▶ _YOUR TASK_
Among the entries below, how many lines hold "natural"? Reply with the number only.

▶ _Records from a dataset_
_ _ _

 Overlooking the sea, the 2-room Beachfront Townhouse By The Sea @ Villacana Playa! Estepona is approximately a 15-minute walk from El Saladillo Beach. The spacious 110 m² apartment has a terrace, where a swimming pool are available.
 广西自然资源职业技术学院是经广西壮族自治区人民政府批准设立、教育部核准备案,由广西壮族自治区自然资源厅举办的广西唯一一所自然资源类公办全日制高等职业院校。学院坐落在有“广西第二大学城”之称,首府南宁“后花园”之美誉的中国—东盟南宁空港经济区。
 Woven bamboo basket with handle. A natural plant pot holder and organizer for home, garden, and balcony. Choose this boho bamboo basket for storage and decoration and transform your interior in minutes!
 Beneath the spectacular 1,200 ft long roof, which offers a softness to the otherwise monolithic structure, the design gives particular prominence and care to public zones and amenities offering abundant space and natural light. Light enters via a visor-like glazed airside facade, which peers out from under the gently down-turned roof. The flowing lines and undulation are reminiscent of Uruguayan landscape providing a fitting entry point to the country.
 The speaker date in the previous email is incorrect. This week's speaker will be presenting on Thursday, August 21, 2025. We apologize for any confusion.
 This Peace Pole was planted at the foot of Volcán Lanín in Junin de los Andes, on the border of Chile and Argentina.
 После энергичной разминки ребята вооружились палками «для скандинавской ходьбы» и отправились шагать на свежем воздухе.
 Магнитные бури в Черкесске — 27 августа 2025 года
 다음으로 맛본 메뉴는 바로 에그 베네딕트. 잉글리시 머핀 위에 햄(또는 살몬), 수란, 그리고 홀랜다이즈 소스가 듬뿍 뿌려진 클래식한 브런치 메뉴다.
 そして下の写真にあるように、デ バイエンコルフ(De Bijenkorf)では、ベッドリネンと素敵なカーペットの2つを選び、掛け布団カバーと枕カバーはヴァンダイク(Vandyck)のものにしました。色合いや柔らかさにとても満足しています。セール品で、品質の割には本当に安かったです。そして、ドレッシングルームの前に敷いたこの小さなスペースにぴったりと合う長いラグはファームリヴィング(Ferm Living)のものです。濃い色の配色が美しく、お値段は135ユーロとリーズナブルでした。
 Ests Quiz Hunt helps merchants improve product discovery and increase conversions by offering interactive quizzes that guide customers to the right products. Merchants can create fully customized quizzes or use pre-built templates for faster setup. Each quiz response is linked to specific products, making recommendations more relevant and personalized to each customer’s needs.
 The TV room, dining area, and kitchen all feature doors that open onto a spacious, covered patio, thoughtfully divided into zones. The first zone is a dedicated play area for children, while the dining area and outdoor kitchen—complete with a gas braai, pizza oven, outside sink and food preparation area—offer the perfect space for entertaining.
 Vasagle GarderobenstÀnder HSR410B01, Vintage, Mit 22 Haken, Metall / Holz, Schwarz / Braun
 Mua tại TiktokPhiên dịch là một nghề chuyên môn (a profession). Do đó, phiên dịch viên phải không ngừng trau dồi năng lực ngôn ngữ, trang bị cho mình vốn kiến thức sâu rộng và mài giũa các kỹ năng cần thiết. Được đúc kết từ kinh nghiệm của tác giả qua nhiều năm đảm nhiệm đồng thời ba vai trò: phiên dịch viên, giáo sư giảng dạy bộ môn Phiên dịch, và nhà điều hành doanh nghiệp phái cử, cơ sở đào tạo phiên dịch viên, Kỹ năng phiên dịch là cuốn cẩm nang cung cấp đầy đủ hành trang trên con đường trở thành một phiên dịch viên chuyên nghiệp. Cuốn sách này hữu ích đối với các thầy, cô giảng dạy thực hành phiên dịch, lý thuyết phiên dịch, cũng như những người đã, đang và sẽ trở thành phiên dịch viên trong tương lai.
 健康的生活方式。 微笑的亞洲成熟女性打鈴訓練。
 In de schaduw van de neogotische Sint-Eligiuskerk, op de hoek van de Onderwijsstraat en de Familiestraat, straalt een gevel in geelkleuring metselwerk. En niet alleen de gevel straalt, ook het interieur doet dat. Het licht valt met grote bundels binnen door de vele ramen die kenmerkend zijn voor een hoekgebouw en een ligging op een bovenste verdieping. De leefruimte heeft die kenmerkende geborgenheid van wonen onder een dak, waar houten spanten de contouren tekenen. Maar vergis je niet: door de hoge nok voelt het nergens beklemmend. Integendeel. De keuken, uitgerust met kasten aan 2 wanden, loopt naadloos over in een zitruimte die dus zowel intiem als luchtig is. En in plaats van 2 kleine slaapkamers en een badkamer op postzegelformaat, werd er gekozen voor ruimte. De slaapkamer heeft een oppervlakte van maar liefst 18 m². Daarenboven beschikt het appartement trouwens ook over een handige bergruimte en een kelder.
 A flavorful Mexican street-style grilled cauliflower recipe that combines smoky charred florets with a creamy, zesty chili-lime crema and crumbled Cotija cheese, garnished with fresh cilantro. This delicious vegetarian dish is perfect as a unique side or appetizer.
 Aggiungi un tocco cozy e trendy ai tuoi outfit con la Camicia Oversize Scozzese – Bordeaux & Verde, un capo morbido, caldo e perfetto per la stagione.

_ _ _

▶ _SOLUTION FOR THIS PROBLEM_
2